Macs aren't a little niche market. Here in the US, lots of people use them; they certainly aren't relegated to use solely by Mac fanatics.

And in some ways, at the minute, Mac users are even more clued in when it comes to security problems, as when there's a new threat to the Mac, it hits the headlines. A new virus for Windows (or old virus as this one is) is just another day on the farm.

Lum

Marty_J wrote: »

OS X has been on public release for eight years now, so virus writers have had plenty of time to learn how to use it. There's no shortage of software for the Mac, so no one else seems to have any trouble. Malware attacks on the Mac have consisted of renaming "Nasty virus.dmg" to "Free !!!!!!.dmg" and asking the user to install it.

The vast majority of Windows malware gets in in exactly the same way, only it's more like Free !!!!!!.jpg.vbs

Macs aren't a little niche market. Here in the US, lots of people use them; they certainly aren't relegated to use solely by Mac fanatics.

Last set of figures I could find (May 2009) show 87.75% Windows and 9.81% Mac. That's pretty niche in my book and certainly not worth the skill and effort required to find genuine exploitable vulnerabilities

And in some ways, at the minute, Mac users are even more clued in when it comes to security problems, as when there's a new threat to the Mac, it hits the headlines. A new virus for Windows (or old virus as this one is) is just another day on the farm.

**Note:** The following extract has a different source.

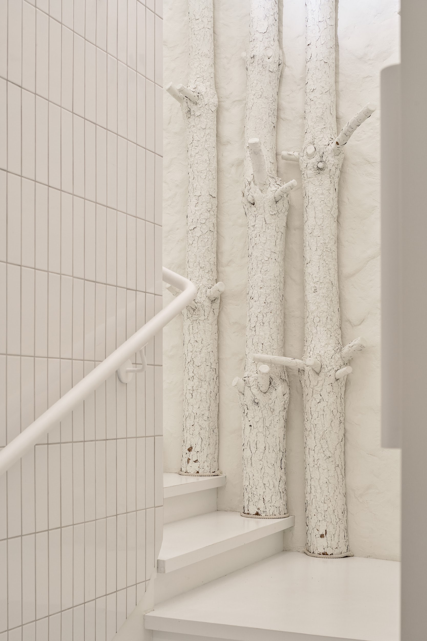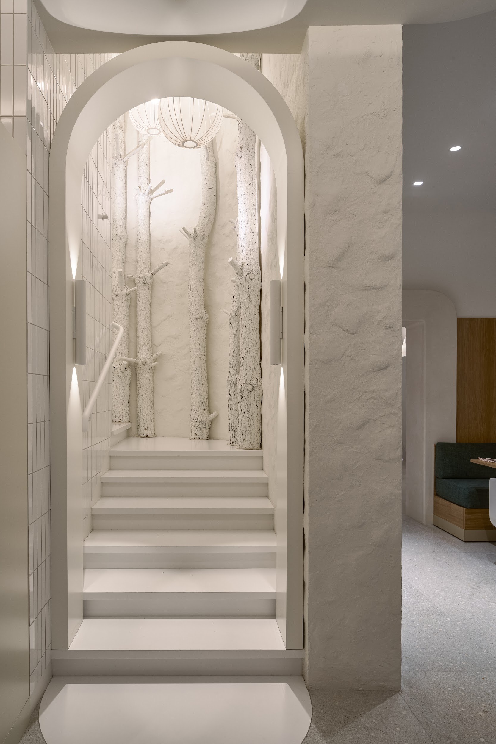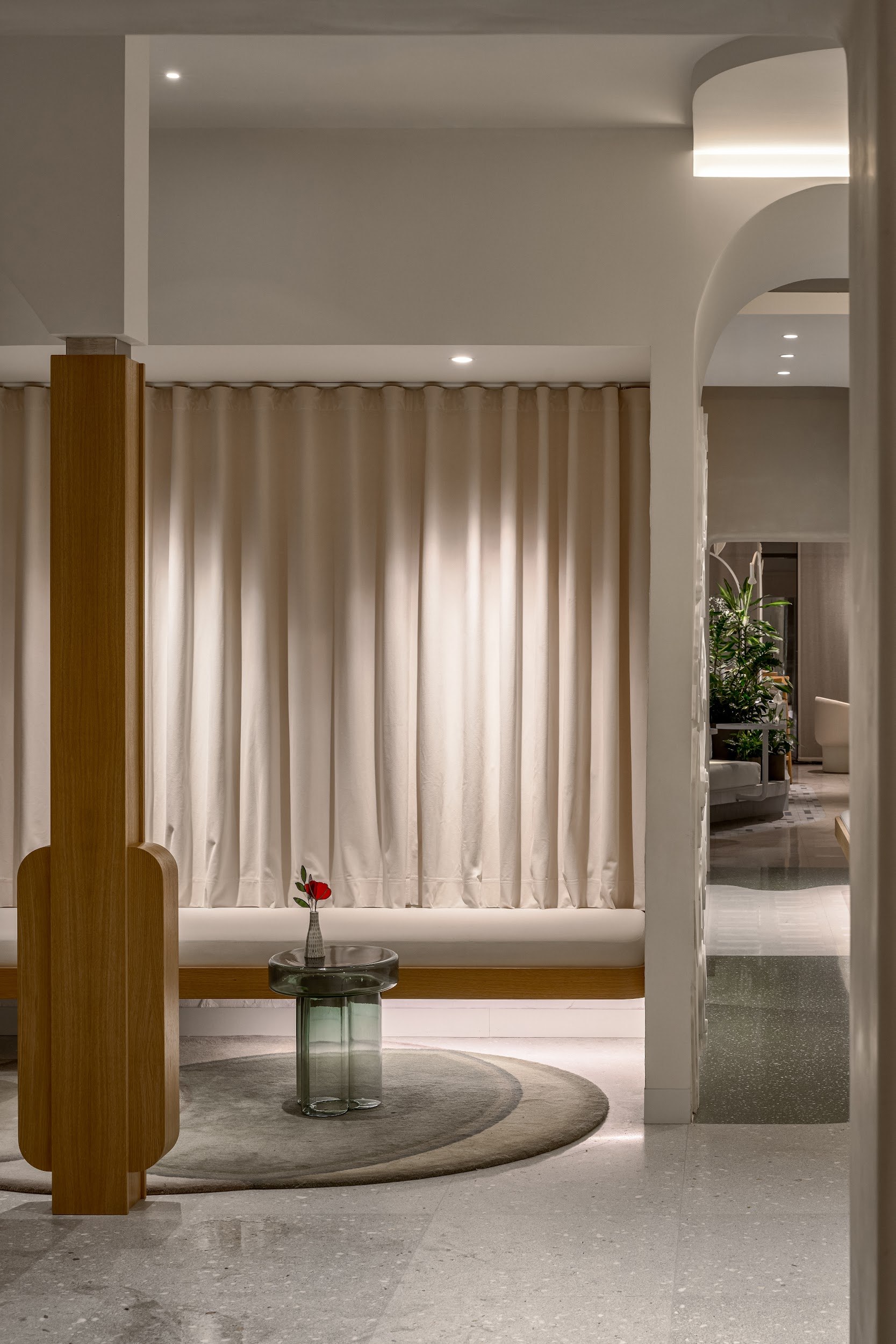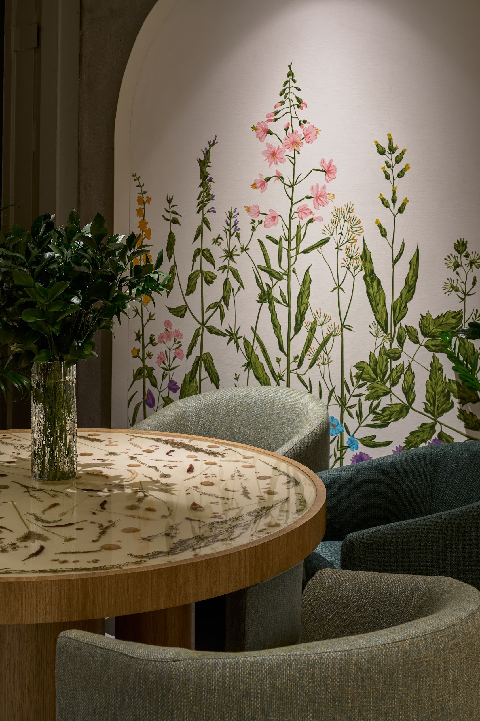 Архитектурный нарратив дополняют два знаковых элемента: цилиндрическая барная стойка, ставшая точкой неформальной коммуникации, и монументальный безграничный библиотечный стеллаж высотой 4,5 метра, огибающий периметр. Стеллаж вносит ноту академической серьезности и создает камерную атмосферу для уединенной работы. Панорамное остекление по всему периметру активно включает городской пейзаж Белграда в интерьер, делая его динамичным фоном для внутренней жизни центра.
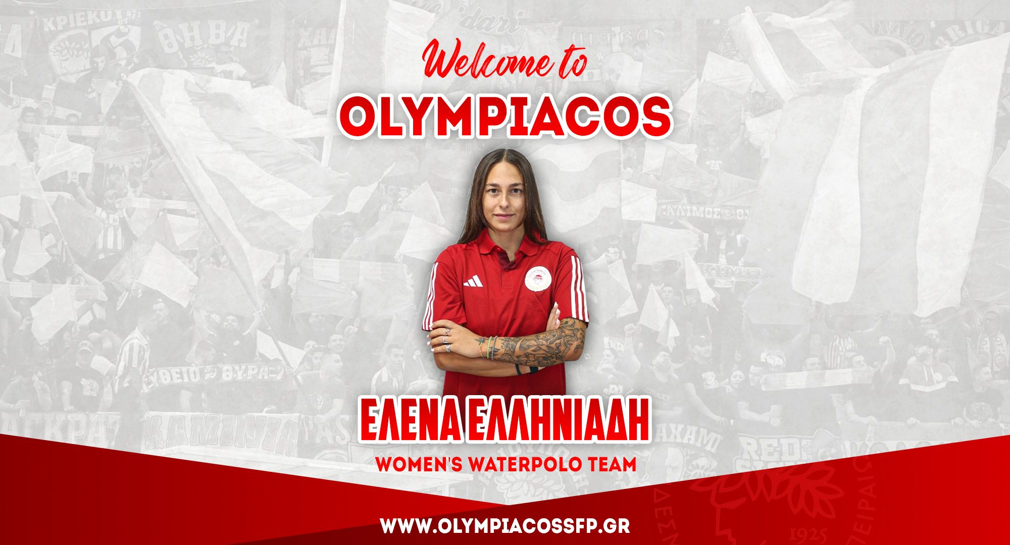 Ο ΟΛΥΜΠΙΑΚΟΣ Σ.Φ.Π. ανακοινώνει την έναρξη της συνεργασίας του με την Έλενα Ελληνιάδη. Η διεθνής περιφερειακή (ημ. γέννησης 2/4/1999) υπέγραψε το νέο της συμβόλαιο και εντάσσεται στο ρόστερ της ομάδας πόλο Γυναικών του συλλόγου.

When an actual vulnerability is exploited on Windows you hear about it. Blaster, Sasser, Conficker and so on. All the crap spyware that gets bundled with the "1001 free smileys" packs you see advertised on banner ads is indeed just another day on the farm and your average Mac user isn't going to fall for that stuff.

Marty_J

Lum wrote: »

Last set of figures I could find (May 2009) show 87.75% Windows and 9.81% Mac. That's pretty niche in my book and certainly not worth the skill and effort required to find genuine exploitable vulnerabilities

Even a big infection such as Conficker infects around 4% of PCs worldwide (according to IBM). Most viruses infect significantly less. A piece of malware that successfully infected a decent number of Mac users would be more than worth it.

Given that the Mac lost (or won depending on how you look at it....lol) the Pwn2Own contest the past two years in a row, it would suggest that there are people out there prepared to put in the time looking for vulnerabilities in OS X.

Lum

4% of 9.81% is a very tiny number though. Again my point as to why Macs aren't worth targetting yet.

Strider590

Marty_J wrote: »

I've never entirely bought that argument. There's an enormous disparity between the amount of malware on OS X and on Windows. Infecting Windows is just easier than infecting OS X. Despite the enormous growth in Apple's market share over the past few years, there haven't been any widespread malware threats.

If I wanted to steal credit card details, I would choose a Mac user's over a Windows user's any day. Mac users, on average, have more money

Window's is attacked for more simply because of it's global dominance in the OS market, when these script kiddies want to show off their "1337" hacking skills they pick on Windows because it will affect far more people..... Else it'd be like flying a plane into a disused WW2 bunker in the middle of a sheep field.